Local, Seasonal, Organic

Focusing on local sustainability I have the joy of working with local vegetable & mushroom growers, ensuring I use the freshest seasonal vegetables with the least mileage. I use organic whole food suppliers with trusted supply chains. Eating seasonally means that the produce is grown in its best suited environment, without the need for chemical pest control, fertilisers or long-distant transport. Organic seasonal produce, aside from any sustainability or ecological benefits, is far superior in flavour.


A strictly vegan diet isn’t always the most sustainable option. Like everything: it’s relative. My vegan menus are designed to celebrate the abundance of wonderful British produce with the occasional luxurious treat from afar. Everything in balance. You are invited to try a plant-based diet, free of substitutes and replacement products for the duration of the retreat.


I never use meat or dairy substitutes. Aside from the plastic they’re wrapped in, the expansive list of unpronounceable, unrecognisable ingredients on said plastic is a clear indication that this isn’t nourishing. I do, however, make a rather delectable fermented cashew ‘cheese’.

Palm Oil

I never use products with palm oil. Period.
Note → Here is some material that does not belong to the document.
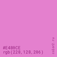 Цвет #E480CE в цветовой модели RGB обозначается тремя октетами (228, 128, 206) в десятичном формате и #E480CE в шестнадцатиричном (hex) формате, которые являются интенсивностью красного 228 (hex E4), интенсивность зелёного 128 (hex 80) и интенсивность синего 206 (hex CE).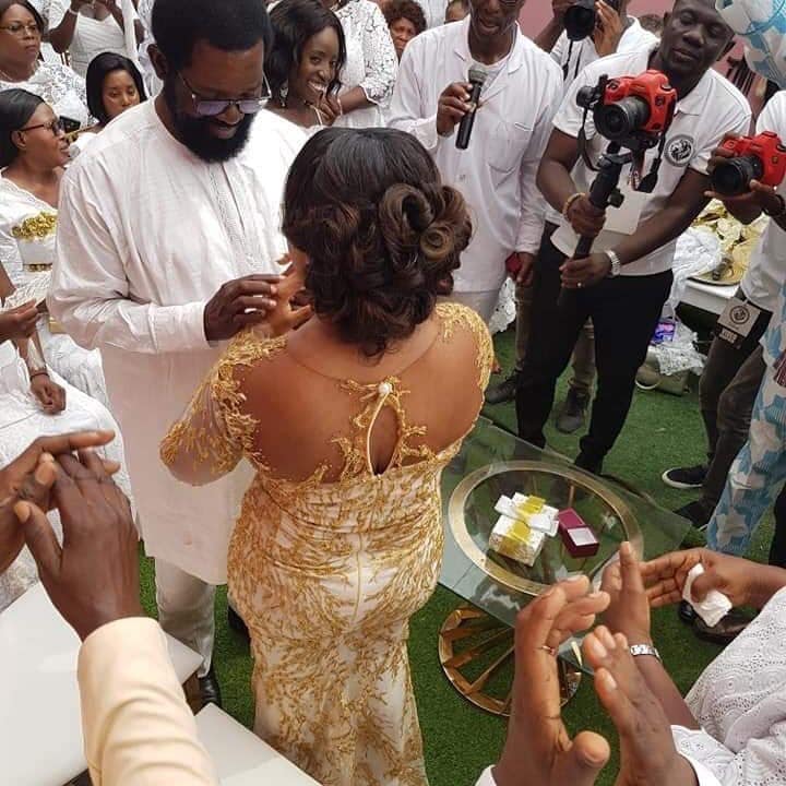 The bride was adorned in a glamorous white and gold gown while the MP beamed with smiles in his all white Kaftan.

I occasionally use soy products, mainly tempeh, which is fermented, but not as a sole replacement for protein/meat. Over consumption of any one thing is only ever going to cause problems.


I give myself a nut quota for each long weekend retreat, particularly with cashews due to the method of harvesting and processing them. I only use organic nuts.

Waste and Cleaning

All of my cleaning products & materials are at least biodegradable or recyclable; at best compostable. I produce very minimal waste. All food waste is composted myself. Using no processed foods means no processed packaging.
Anything I can reuse, I reuse, before eventually recycling it when it has reached the end of its functional service.


Herbs tend to come in plastic to keep them fresh. Where possible I grow my own and bring them to retreats to further minimise waste, knowing the soil they grow in has come from another retreats peelings.

Giving Back

I donate a portion of my earnings at my events to the World Land Trust’s Buy an Acre campaign which invests money in buying land to protect natural landscapes.

table spread
breakfast jars
Joe the chef walking in garden

Joe catered for 34 guests for a lunch party to celebrate our daughters 30th birthday.  She is on a plant based diet and to add to the challenge she is also on a gluten free diet.  Her wish was to be able to eat everything,  Our 34 guests, most of whom were carnivores, were truly amazed by the wonders of a plant based menu.  A delicious 3 course feast using seasonal and locally sourced ingredients  with tremendous variety in taste, flavour, colour and texture.  We were all so impressed.  A large part of the cooking and prep was done in our home kitchen, Joe was highly organised, efficient and left the kitchen spotlessly clean.  He had even baked fresh bread on the day!  We would not hesitate to recommend him.

Ann Simon – Popup Restaurant Customer

As a retreat teacher sharing weekends at different Uk venues, I can honestly say Joe is my favourite retreat chef! His meals are not only delicious and beautiful on the plate, but they feel good for the soul too. His passion for sourcing local, organic produce to create and share plant-based seasonal dishes is such a pleasure to enjoy. No request is ever too much trouble too, always accommodating to guests specific needs with ease and a smile! Thanks Joe. Can’t wait to enjoy your food again soon.

Carolyn – Yoga With Carolyn

I’ve been running retreats in the UK and abroad for almost 11 years and probably hosted at least 150 day and weekend yoga retreats in that time. I would gladly say Joe’s catering was up there with some of the best. I loved his vibe, a super cool, chilled, happy soul who clearly loves food and nourishing people very much.

Saira Francis – Mellulah Yoga

I was lucky enough to bring a group of hungry yogis to Holwell Holistic Retreat which was catered beautifully by Satori food. I really can’t fault Joe’s cooking which was hearty, healthy and delicious. The food was thoughtfully planned and presented with generous portions and with great attention to detail and I found Joe charming and very easy to collaborate with.

John Collins – Retreat Host

Joe’s mastery with flavour and vegan cuisine is second to none. Take ordinary vegetables, pass them to Joe, and BAM you’re faced with seriously delicious plates of good-looking food.